Książka, w której Antony Flew uroczyście obwieszcza swoją wiarę w Boga, w rzeczywistości nigdy nie została przez niego napisana. Tego jawnego oszustwa dopuściło się dwóch ewangelikańskich autorów, Roy Abraham Varghese i Bob Hoster. Antony Flew od dłuższego czasu cierpiał na chorobę Alzcheimera i na zaniki pamięci, a jedyną jego wypowiedzią o przedstawionym mu manuskrypcie było stwierdzenie „nie widzę tu niczego złego". W wyjątkowo podły sposób wykorzystano fatalny stan zdrowia staruszka.

Ten zwyczaj ma już wielowiekową tradycję. Sam cesarz Konstantym Wielki miał się ochrzcić na łożu śmierci, co uczyniło z niego chrześcijańskiego władcę. Być może pokropiono bełkoczącego w malignie cesarza lub jego stygnące zwłoki, ale świadomy chrzest Konstantyna jest brednią.

Symmachiańskie fałszerstwo, donacja Konstantyna, Dekretały Pseudo-Izydora, Acta Pilati, to sławne chrześcijańskie fałszerstwa nie mające sobie równych, jeśli chodzi o rozmach, bezczelność i korzyści jakie przyniosły ich autorom. Wśród tych perełek jest też cała masa drobnych fałszerstw. Dawniej dokonywali je posłuszni zakonni skrybowie, dzisiaj robi się to już bardziej sprawnie. Jak widać tradycja wciąż istnieje.

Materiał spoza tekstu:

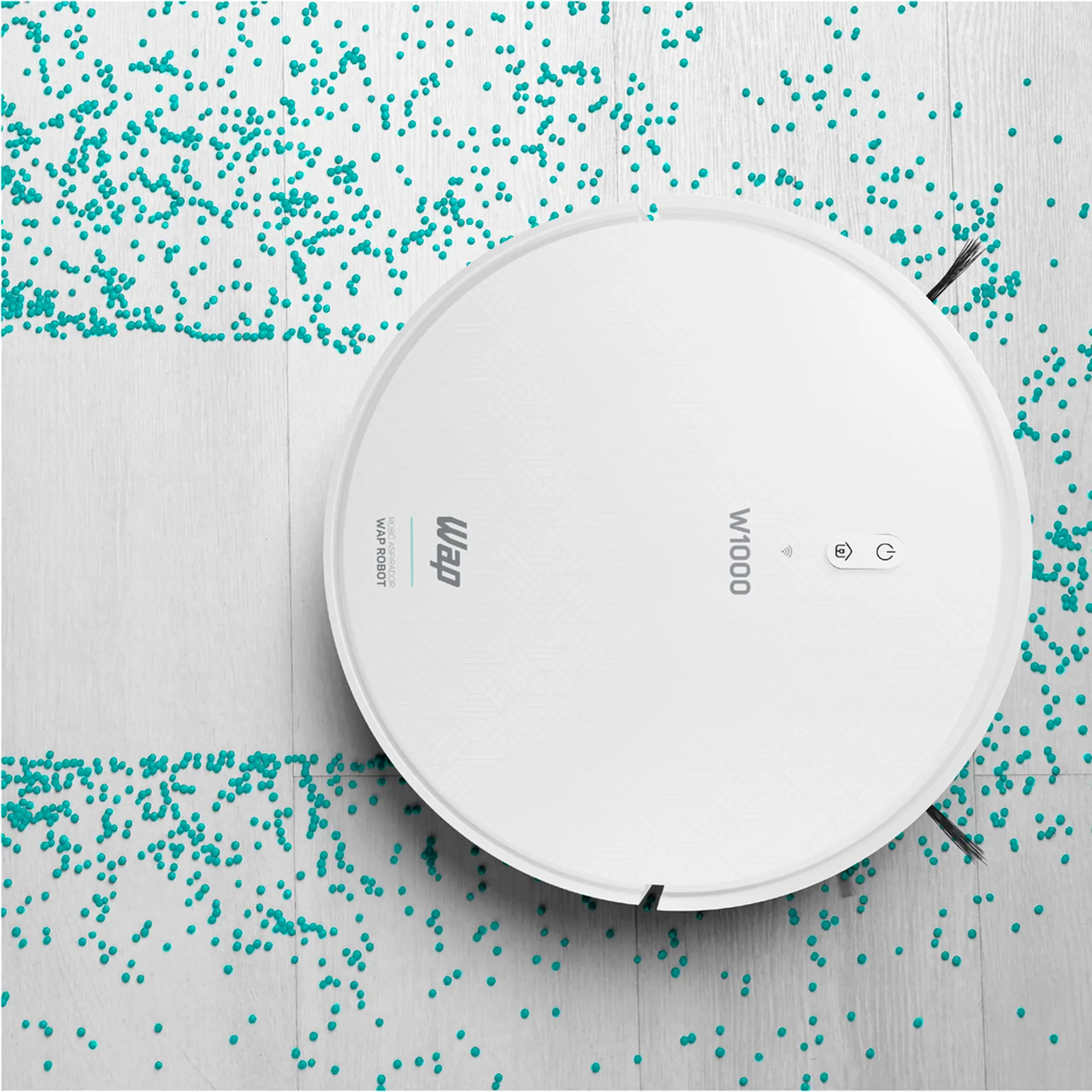 O aspirador robô também é projetado para lidar com diferentes tipos de pisos, incluindo cerâmica, madeira, carpetes e tapetes, adaptando sua potência de sucção de acordo com a superfície que está sendo limpa. Com um filtro HEPA, o WAP W1000 consegue capturar partículas microscópicas de poeira, ácaros e outros alérgenos, promovendo um ambiente mais saudável e confortável para você e sua família.

Czy autorzy polskiej edycji tej książki wiedzieli o tym, że autorstwo Flew’a budzi poważne wątpliwości? Może ich to zwyczajnie nie interesowało?

Sam Antony Flew był tak naprawdę niezbyt znanym (w naszym kraju) filozofem i popularyzatorem światopoglądu ateistycznego (z pewnością bez porównania z takim np. Dawkinsem). Wydanie tej fałszywki, przypisującej mu nawrócenie, niewiele wpłynęło na jego popularność. Sama książka również nie wywołała wielkiego poruszenia, może poza forami internetowymi, gdzie radośnie ogłaszano jak to jeden ze sławnych ateistów się nawrócił …

Artykuł w New York Timesie, autorstwa Marka Oppenheimera, opisujący historię tego wstrętnego oszustwa (po angielsku).

http://www.nytimes.com/2007/11/04/magazine/04Flew-t.html?pagewanted=all

I poniżej jeszcze ciekawy artykulik o użytych w książce argumentach, które łatwo można scharakteryzować jako bardzo … religijne:) Jeśli ktoś poświęci nieco czasu na przeczytanie dzieł Flew’a i tej akurat książki, to łatwo wykryje fałszywe nuty – tak żenujących argumentów Flew nigdy by nie użył.

Być może doczekamy się jakieś książki, rzekomo Richarda Dawkinsa, w której miałby on używać argumentów (za kreacjonizmem) na poziomie opowieści Macieja Giertycha o dinozaurze wawelskim. Kto wie?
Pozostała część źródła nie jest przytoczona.